The preprinted study out of Hong Kong University found that while omicron does spread fast and better than delta in human airways, it also was not as good at severely infecting lung tissue, which might explain why the virus is not as severe.
Since all of these studies are early and preprints, the veracity of these studies has not yet been peer reviewed.
Knowing what variant of COVID a patient has doesn’t matter as much once the patient is at the hospital, said Dr. Ed Jimenez with UF Health Shands Hospital in Gainesville. It also didn’t normally matter with previous variants.
Omicron, however, does appear to be resistant to some treatments, which will make a difference in how the variant is treated, and why it may be important to know what variant of COVID you have.
“It becomes important because let’s say you have omicron,” said Jimenez. “You’re not sick enough to go to the hospital but you need something.

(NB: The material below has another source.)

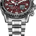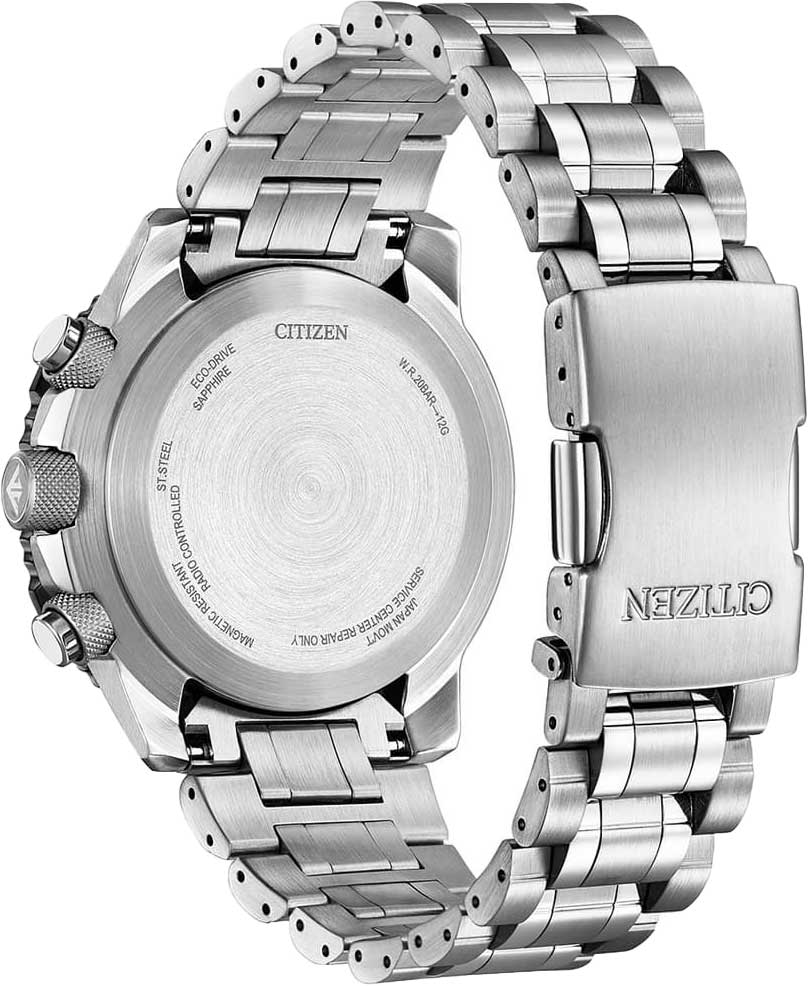 Citizen Promaster JY8086-89X часы-хронографХронографФункция позволяет измерять отрезки времени с особой точностью: часы, минуты, секунды. Верным признаком хронографа является наличие на циферблате 3 дополнительных окошек-счётчиков. с секундомеромСекундомерСекундоме́р — прибор, способный измерять интервалы времени с точностью до долей секунды. спортивного дизайна с высоким уровнем водозащиты. Корпус из нержавеющей стали диаметром 45,4 мм идеально сбалансирован. Сапфировое стеклоСапфировое стеклоПрочный и надёжный материал из кристалла сапфира синтетического происхождения, характеризующийся особой твёрдостью и устойчивостью к царапинам и повреждениям. с антибликовым покрытием обеспечивает отличную защиту циферблата от царапин. Часы работают на основе кварцевого механизма, питание от солнечной энергии. Стальной браслет на раскладной застёжкеРаскладная застёжкаТакой тип застёжки используется только на браслетах из металла. Она никогда не раскрывается полностью, происходит разделение на 2 и более частей. Раскладывающая застёжка снизит вероятность потери часов к минимуму. идеально дополняют дизайн часов, обеспечивая комфортное ношение. Стрелки и метки на циферблате имеют люминесцентное покрытиеЛюминесцентное покрытиеПозволяет считывать показания времени в темноте. Производители наносят на стрелки, часовые индексы, безель или поверхность циферблата светонакопительный состав, дающий холодное свечение. позволяющее легко определять время даже в темноте. Поворотный безельБезельВнешний ободок, закрепляющий стекло. В спортивных часах так называется поворотное кольцо с делениями на циферблате, выполняет роль таймера – замеряет отрезки времени на шкале. Неподвижный безель – элемент декора. Однонаправленно вращающийся безель на дайверских часах позволяет фиксировать моменты погружения и выныривания на поверхность. с IP-покрытиемIP-покрытиеМетод ионного напыления. Демонстрирует повышенную устойчивость к истиранию, окислению и химическим веществам. Под воздействием высокого давления и температуры около 1500°C молекулы металла надёжно соединяются с частицами корпуса часов.. Автоматический прием сигналов от радиовышек, расположенных в различных точках земного шара, которые передают временные сигналы от определенных атомных часов. Коррекция текущего времени радиосигналом на территории почти всей Европы, США, Японии и Китая. Функция индикации заряда (EOL) и предотвращения перезарядки. Мировое времяМировое время Полезное часовое усложнение, отображающее время в основных городах и известных областях по всему миру, оно связано с часовыми поясами, удобно для путешественников и бизнесменов. - 43 города (29 часовых поясов), переход на зимнее и летнее время. Всемирное координированное время UTCUTCВсемирное кординационное время, не имеющее привязки к географическому положению Гринвича, основывается на атомном отсчёте времени. Регулировка времени осуществляется более точно, чем устаревшее GMT.

What we’ve learned from overseas is that Regeneron (a monoclonal antibody treatment) doesn’t work as well. So, they have to give you something different.”
How do the vaccines handle omicron?
So far, the early studies show omicron is good at evading COVID antibodies. This lessens the effectiveness of the current vaccines in stopping infection, although the vaccines were never 100% effective in stopping infection in the first place. They were highly effective in reducing the risk of getting a severe illness or dying from COVID.

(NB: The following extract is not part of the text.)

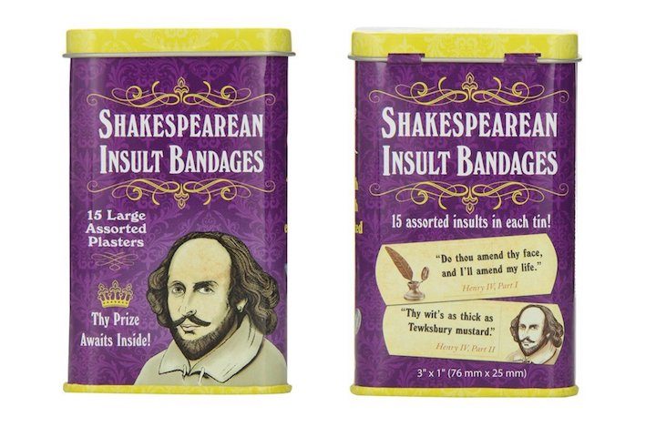 Añadir un buen insulto al daño nunca ha sido algo tan literal. Estos vendajes o tiritas con insultos de Shakespeare ofrecen una buena cantidad de sofisticados agravios para darle algo de desahogo a tus cortes y rasguños, elevando así tu estado de ánimo… y nivel de cultura. Siempre podrás usar parches regulares, pero ¿dónde está la diversión en eso? Por sólo $6 dólares te llevas una caja con 15 tiritas.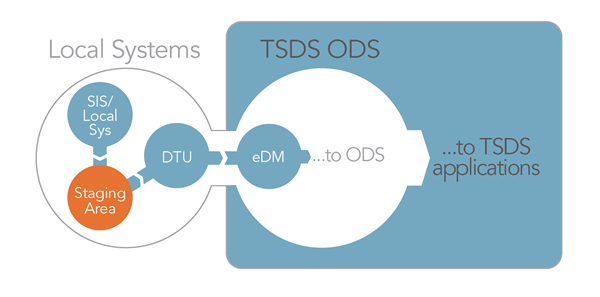 The Staging Area is a designated folder in a server at the LEA or ESC (see the orange circle below). When TSDS's Data Transfer Utility (DTU) is installed on the same server, the Staging Area allows users to send data to the TSDS system.

Antibody levels naturally drop over time, and a booster revved them back up again, by 25 times for Pfizer’s extra shot and 37 times for Moderna’s.
The vaccine’s mRNA design brings T-cells that can fight the virus while memory cells activate to make stronger antibodies. This helps in preventing more severe illness.

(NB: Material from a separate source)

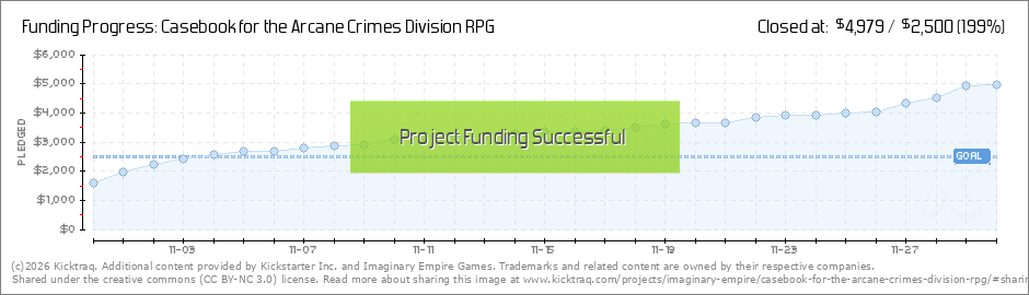 Thanks to the fantastic support of 141 Backers, The Casebook for Arcane Crimes Division will be a reality! On behalf of the writing team, thanks for the support. The primary channel of communication for the project will be via Kickstarter... (Read More)

Experts say a prior infection from COVID doesn’t have as much protection against omicron as it did against delta, and anyone who survived COVID-19 should get vaccinated because the combination of natural and vaccination immunity offers stronger protection.
What will that mean for the future?
New projections from the Emerging Pathogens Institute at UF show we may see tens of thousands of new cases a day in Florida before it peaks.
Researchers came up with four models for how omicron could play out between now and February. All four models agree omicron will start slowly in December, spread rapidly in January and peak in February. One scenario shows reported new cases could reach as high as 40,000 a day by February.
However, Dr. Jimenez says to take these projections with a grain of salt.
“I would say take the information we gave you, it should be close enough, but it may not be exactly right,” he said.
He also cautions that, while all the early reports offer a rosier outlook for omicron, the virus may behave differently here.
“In Florida we still have a high number of unvaccinated people, we’re also the third largest state,” he said. “So, the rate (of hospitalization) might be lower, but with so many unvaccinated people that over time we might end up having equal or more ICU patients. So, time will tell on that.”
Neilsen, meanwhile, is hopeful that omicron will lead COVID-19 in the direction of less virulent virus.
“When swine flu hit the US in 2009 it was devastating, but then it sort of petered out because it mutated into something less virulent,” Neilsen said.
“Our hope is that more people get vaccinated, COVID will mutate into a less virulent form,” he added. “And will weaken into something closer to the common cold.”
Information from the Associated Press was used in this report.